Her smile was like a lance to my stomach.
“You are running away, Dr. Andres. I suspect you have been running ever since the foster home. You have a gift, you have the power to heal, and you are retreating. Don’t attempt, please, to make it anything other than what it is, and please don’t joke about a talent wasted. Have you been married?”
“Married to my profession, yes. Once to a woman, a good woman, she refused to be second-class and left me five years ago with our son. They live in New York now.”
Her lance opened me wide.
I reached for the file she had brought with her. Opened it, began to read. To her credit, Heather remained quiet while I absorbed the information. The grandfather clock announced another hour. The silence, a physical presence, deepened.
I closed the file.
“There is an eighty percent chance you won’t survive the operation. Realistically, with me operating, inactive for nine months, the odds go up to eighty-five or ninety against.”
“There are statistics for such things, Doctor?”
“Based on the recorded history of similar cases, yes. Hospitals and insurance companies love those statistics. And your statistics scream DON’T DO THE OPERATION!”
The wind roared outside. The clock struck eleven.
“I will die without the operation.”
“Yes, Heather, you will most definitely die. You probably have six months to live without the operation.”
“That’s what they told me. But, with you, I at least have a chance of living beyond that.”
“A very slim chance, yes. We all die, Heather. Is it such a frightening thing to contemplate?”
“Frightening? No, doctor. What is frightening, to me, is to give up.”
The door rattled from the wind.
“Please, Doctor!” And her green eyes took me captive, refusing to relinquish their hold on me.
We both fell asleep, in our chairs, by the woodstove. When the morning light touched our faces the caress was warm, sunlight replacing the cold finger of the snowstorm. I stood, stretched, walked to the kitchen and put a pot of coffee on. I cracked four eggs in the skillet, the daily routine oddly comforting, calming, slowing my heartbeat.
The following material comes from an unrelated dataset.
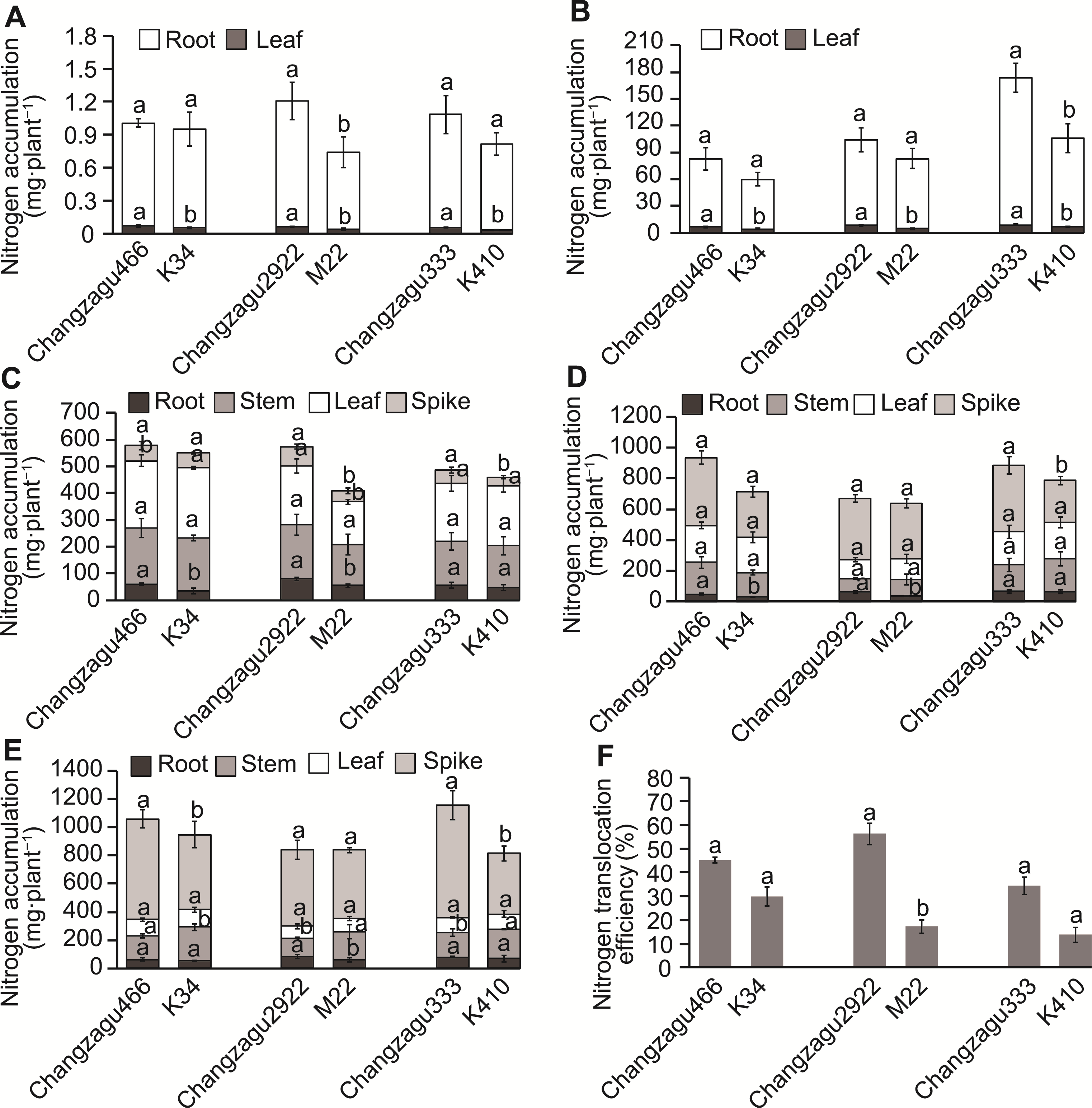 Figure 5 Nitrogen accumulation and nitrogen translocation efficiency in different organs of millet at different growth stages (A) Nitrogen accumulation at seedling stage; (B) Nitrogen accumulation at jointing stage; (C) Nitrogen accumulation at full heading stage; (D) Nitrogen accumulation at grouting stage; (E) Nitrogen accumulation at maturity stage; (F) Nitrogen transport efficiency. Different lowercase letters indicate significant differences at the 0.05 level.

My guest awakened with the beep of the coffee machine, stood, stretched as I had, walked to the window, looked out, smiled, turned to me.
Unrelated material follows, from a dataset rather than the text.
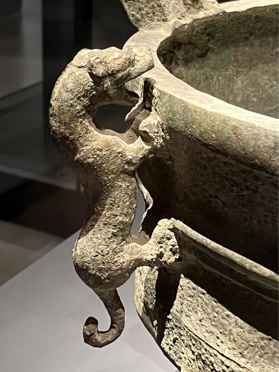 在楚文化博物馆的展厅中,还有一件十分精美的匜——重环纹三足铜匜。器型略呈葫芦瓢状,一端为外突的流口,对应一段置一龙首弓形鋬手,龙角竖起。有五道棱状弦纹和一道重环纹,龙形鋬手斜角云纹和重环纹。

“Good morning, Doctor! What is that I smell?”
“Breakfast! Sit down, please,” and I placed a cup of coffee on the table for her, followed by a plate of eggs and toast. “The snow is already melting. Pretty typical for this time of year. The roads will be clear in an hour or so. We should be in Seattle by noon.”
She looked up from her breakfast. Her smile threatened my moorings.
“You’ll do it? You’ll operate on me?”
“I wouldn’t be so happy if I were you. I don’t think I’m doing you any favors. I don’t think I’m doing either of us any favors.”
Thanks for Reading
I think that will do it for this story. I’ll let you decide how the operation played out. My muse is telling me it is time to move on to other stories. Thanks so much for reading the second part of my story.